Article publié en juin 2013 sur Hypnoblog, le blog d'un hypnothérapeute
On prend la mesure de la popularité de quelqu'un, dit-on, à l'affluence lors de son enterrement.
Ce fut le cas, hier après-midi...
Une femme, Agnès, à peine la cinquantaine, est morte d'un cancer il y a quelques jours. Elle se battait avec un extrême courage depuis des années, dans une alternance constante d'espoir et de récidive.
Sur le parvis du cimetière, un peu avant l'heure annoncée, nous sommes quelques uns de connaissances ou d'amis, à nous dire bonjour.
Certains sont surpris de se rencontrer là (Tu la connaissais aussi, toi ?). D'autres se saluent, de quelques mètres, d'un hochement de tête. Avec d'autres encore, les retrouvailles sont discrètes. En quelques mots, on se donne des nouvelles dans des chuchotements, parce qu'on ne s'est pas vus depuis... Il faut qu'on s'appelle, promis... D'autres encore, tout à leur chagrin, le mouchoir à la main ou tamponnant des yeux rougis, ne voient pas, ou peu, ce qu'il se passe autour d'eux et préfèrent rester dans le silence. De loin en loin, nous croisons des visages connus, et mesurons l'avancée inexorable du temps sur les sillons des joues.

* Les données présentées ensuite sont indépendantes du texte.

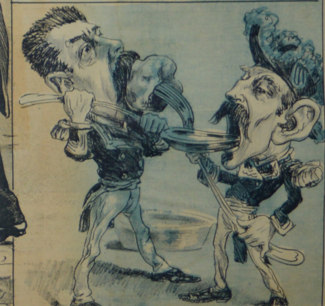
Conferenciando los dos sordos-mudos Del Torero comieranse el engrudo.

Nous sommes nombreux à présent, nombreux vraiment, pour l'accompagner dans le cimetière de ce petit village. Une cérémonie laïque, sobre, rythmée des témoignages de ses proches et de ses musiques préférées... Le bref discours de son mari, poignant, le poème de sa fille lu par quelqu'un d'autre, bouleversant, les souvenirs d'enfance évoqués par sa sœur, tendres, les vacances et les fêtes racontées par son beau-frère, la rage de son père, pleurant son enfant partie avant lui.

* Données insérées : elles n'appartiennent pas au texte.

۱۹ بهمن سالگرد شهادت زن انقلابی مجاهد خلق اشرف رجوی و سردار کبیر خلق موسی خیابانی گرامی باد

Chacun d'entre nous est dans le recueillement, ou laisse libre court aux larmes -ici, on peut- chacun connecté à ses propres souvenirs de chagrins anciens ou récents, ou bien imaginant sa propre mort, ou celle encore à venir de proches.
Nous tous, massés dans les allées, nous accompagnons un être disparu, nous soutenons une famille éplorée, et nous rejouons sans vraiment en avoir conscience un rituel immémorial, pour eux, bien sûr, et aussi pour nous-même. Une manière nécessaire, utile, de nous confronter à notre statut de mortel, de nous rappeler que la mort fait partie de la vie. Comme disait Woody Allen, la vie est une maladie mortelle. Nous avons tendance à l'oublier, dans nos vies modernes où tout est fait pour la masquer. Nous sommes dans une sorte de pensée magique d'immortalité. Ces moments sont là pour nous rappeler qu'il n'en est rien.
Et à l'heure où l'officiant nous invite à penser à un moment de partage avec la disparue, sans doute, chacun revisite une tranche de vie, courte ou longue, rare ou fréquente. Je me souviens, soignant à domicile, j'avais fait connaissance de la patiente. Et au long des années de soins, tous ces petits moments d'accompagnement en avait fait une presqu'amie...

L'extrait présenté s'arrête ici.